The problem is that clearing large acreages of debris, on an appropriate grade and water table to avoid leeching of contaminates into new topsoil, then sufficiently covering acreage with new topsoil, is so expensive that it doesn't make sense in a country which has plenty of good quality farmland in better climates elsewhere. Are we really going to, as a nation, pour more money into a failed city, which has already been a money pit, in order to have relatively poor farmland?

Honestly it would be cheaper and agriculturally more productive to transport Detroit residents interested in farming to other parts of the country. Essentially terraforming, probably the largest super-fund site ever, into arable land just because a failed city needs a new industry seems ridiculous.

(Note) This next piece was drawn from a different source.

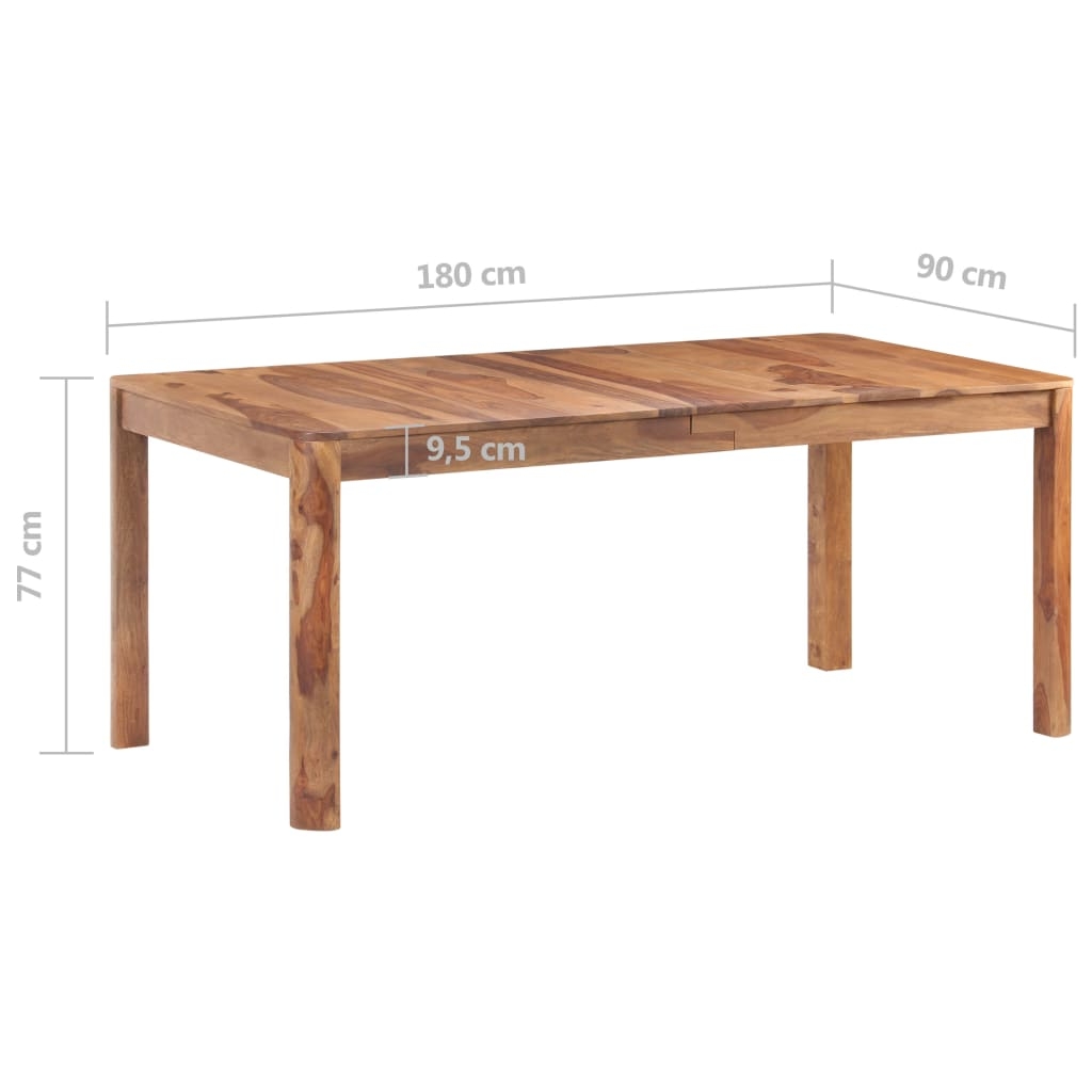 Ten stół z litego drewna sheesham jest trwały i piękny. Sheesham to tropikalne drzewo liściaste, słynące z bogatego usłojenia, znane także jako drzewo różane lub palisander. Każdy etap procesu produkcji przeprowadzany jest z największą starannością, czy to polerowanie, malowanie czy lakierowanie. Kunszt rzemieślniczy i piękne usłojenie sprawiają, że każdy mebel jest wyjątkowy i nieco inny od pozostałych. Stół ma mocny blat. Jego prosty styl sprawi, że codzienne posiłki będą wyjątkowe.

I agree, I should have included "on an intermediate scale, oriented towards local consumption and not specifically in Detriot". The largest conceivable operation would be managed by a CSA or a similar organization where remediation would be on a managable scale or fragmentation of land wouldn't be an issue. Anything larger or the idea that a city would be self sufficient is a pipe dream requiring too high of an investment. It doesn't exactly jive with the whole ground-up localization rhetoric associated with the urban farming movement to begin with.

The easiest and cheapest way to deal with contamination in the near term would be to create a database of usable parcels. Pretty sure there are universities working to help set that up already in different places as well as formulating best practices. Raised planting beds seem to be effective in places that are not heavily contaminated, the hardest problem to deal with is probably atmospheric pollution.